JoshGeorge · Post by **JoshGeorge** » Wed May 09, 2007 8:02 pm

How about a routine?

$INCLUDE DSINCLUDE JOBCONTROL.H
File_Name = trim(TempFileDir):trim(FileName):trim(Ext)
File_size = 0
VTemp = ''
Ans = 'Error'
RecVar = ''
OpenSeq File_Name To FVar_Keys
Else
Call DSLogWarn("Unable To Open Text File ": File_Name,"FileOpenError")
ErrorCode = -1 ; * STOP THE ROUTINE
End
For N = 1 To 1000 ;* Find total count of rows in file n substitute for this 1000
ReadSeq FileLine From FVar_Keys
On Error
Call DSLogFatal("Error Reading from ":File_Name:" FILE_Read_STATUS=":Status(),"FileReadError")
ErrorCode = -1 ; * STOP THE ROUTINE
End
Then
* Line Read Successfully
Cnt = Count(FileLine, '|')
Q =2
Loop While Cnt <> 0
TempString = Trim(Field(FileLine,'|',Q))
If NOT(TempString = '' or IsNull(TempString)) Then
RecVar = RecVar : Field(FileLine,'|',1) :'|': Field(FileLine,'|',Q) : CHAR(10)
End
Q=Q+1
Cnt = Cnt - 1
Repeat
End Else
END
NEXT N
CLOSESEQ FVar_Keys

OpenSeq File_Name To FVar_Keys Then WEOFSEQ FVar_Keys
WriteBlk RecVar To FVar_Keys
Else
Call DSLogWarn("Unable write to Text File ": File_Name,"FileOpenError")
ErrorCode = -1 ; * STOP THE ROUTINE
End
Call DSLogInfo("Successful conversion", "FILE_CONVERSION_SUCCESS")
Ans = 'Pivot Success'
CLOSESEQ FVar_Keys

ray.wurlod · Post by **ray.wurlod** » Wed May 09, 2007 8:53 pm

Bottleneck. No parallelism. Need to call server routine from parallel job - not impossible, but a bottleneck and a performance inhibitor.

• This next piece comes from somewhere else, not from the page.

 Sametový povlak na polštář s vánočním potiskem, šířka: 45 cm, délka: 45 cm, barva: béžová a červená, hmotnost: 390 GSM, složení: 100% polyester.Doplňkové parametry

Larry.Griffith · Post by **Larry.Griffith** » Mon May 21, 2007 2:36 pm

I am a newbie at this, it is my first post, so please bear with me.

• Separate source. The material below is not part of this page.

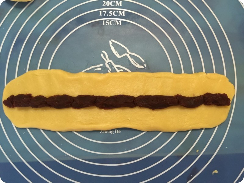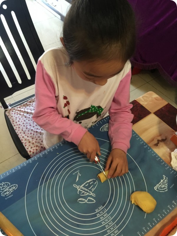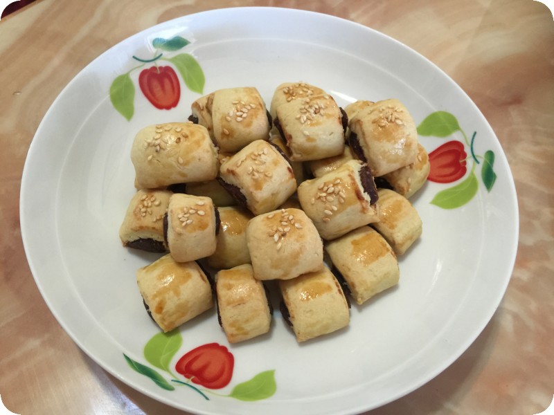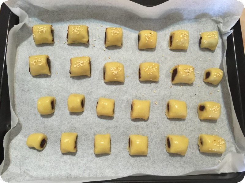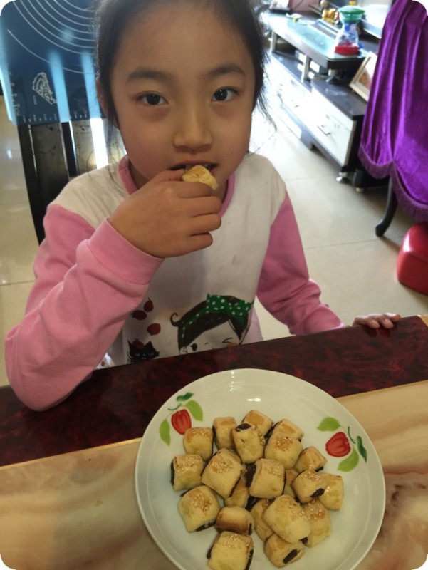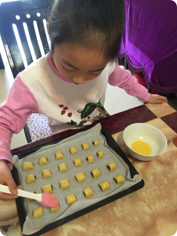 原料:低筋面粉100g,黄油50g,鸡蛋一个,糖粉15g。 步骤:1.黄油充分软化后,将黄油打发,加入糖粉,继续打,再加入40g蛋液,继续打,混合均匀; 2.筛入低筋面粉(我懒得筛,直接加入低粉,做出来也可以),先用刮刀搅拌,再上手揉成面团; 3.将面团分成两块,擀成长方形,加入豆沙,卷起来,切成小块; 4.每一块刷上蛋液,撒点白芝麻,放入烤箱,170度25分钟(烤箱温度各有不同,可适当调整)。 每一次做蛋糕饼干之类,贝贝都是我的好帮手,帮我拿各种需要的原料和工具,摆在桌子上。一些简单的操作,她都要亲手做一做,比如在这次做豆沙卷的时候,她打发黄油,把我卷好的豆沙卷长条切成小块,刷蛋液等,都是她来完成的。我第二次做时,她睡了,我自己刷的蛋液,别说,还真是不简单,刷多了就会流到油纸上,她刷的还真没有流下来。所以说,我们真得相信孩子,很多时候可以大胆的让他们参与进来,做多了就做好了。

I do a tremendous amount of pivoting in the work I do, and have not been very impressed with the pivot stage. I have 2000+ input formats that I have to standardize into one of a few standard formats. These input formats range from 3 or 4 columns to several thousand, and the output formats are just as variable. I decided to take a metadata driven approach and have stored my input and output formats in Oracle tables.

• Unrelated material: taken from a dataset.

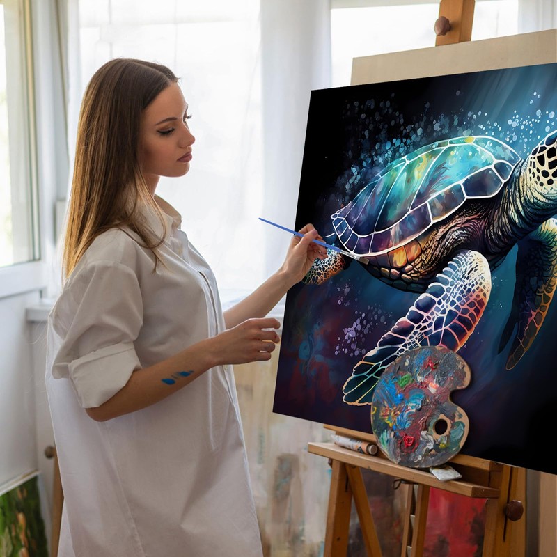 Paint by Numbers Adults Children, Paint by Numbers for Home Decoration, Paint by Numbers Turtle, Without Frame, Pictures Paint by Numbers, Adult Creative Set, DIY Set, Craft Set, Adults, Girls

The approach I used was to write two parallel plugins one to pivot vertically, the other to pivot horizontally. I wrote them in C, and they accept parameters for the delimter, quotes, etc. They are very generic, and I have been able to utilize them in most everything I do.

1) Read line and parse and pivot vertically, write out with key, column number, and value (if not null)
2) Oracle lookup by input format and field number, replacing number with a sysname, and getting data format (number, value, string, date, etc)
3) Oracle lookup by output format and fieldname to get new field number, data type
4) pivot horizontally using key and field_number

Seems to work very well, and I was able to preserve the performance through making the plugins parallel.

Hope this helps. DSXchange has helped me on a number of occasions, and I would like to try and return the favor.

kommven · Post by **kommven** » Tue May 22, 2007 12:03 pm

I came accross same situation and solving it in Transformer used a constraint Len(Trim(somelink.somecolumn)) = 0.

I had no gain in using IsNull() Validation but above logic worked fine.

It works and simple.

Since Transformer is parallel you still have performance enhanced.

chulett wrote:No, you need to filter them out post-pivot via a constraint or some other mechanism.

subhashini · Post by **subhashini** » Thu May 24, 2007 4:34 am

I am also facing similar problem.

I hv to pivot columns dynamically.

For example

1|a|b|c
2|d|e
3|f|g|h|i|j|k|l etc

ie., some times i have to pivot only 3 columns as in the first line of example, some times 2, some times n. This has to be dynamically.

Iam able to do it when i assume the values can be max of some 30 . But iam not able to do it dynamically.

Seeking for help.....

Thanks in advance

Subhashini

ray.wurlod · Post by **ray.wurlod** » Thu May 24, 2007 3:17 pm

So pivot 30 columns then filter out those whose length is 0 or which contain null.

subhashini · Post by **subhashini** » Thu May 24, 2007 11:21 pm

But my problem, i won't always get 30 columns. I may get 30/50/100/2000 columns which iam mentioning as dynamically.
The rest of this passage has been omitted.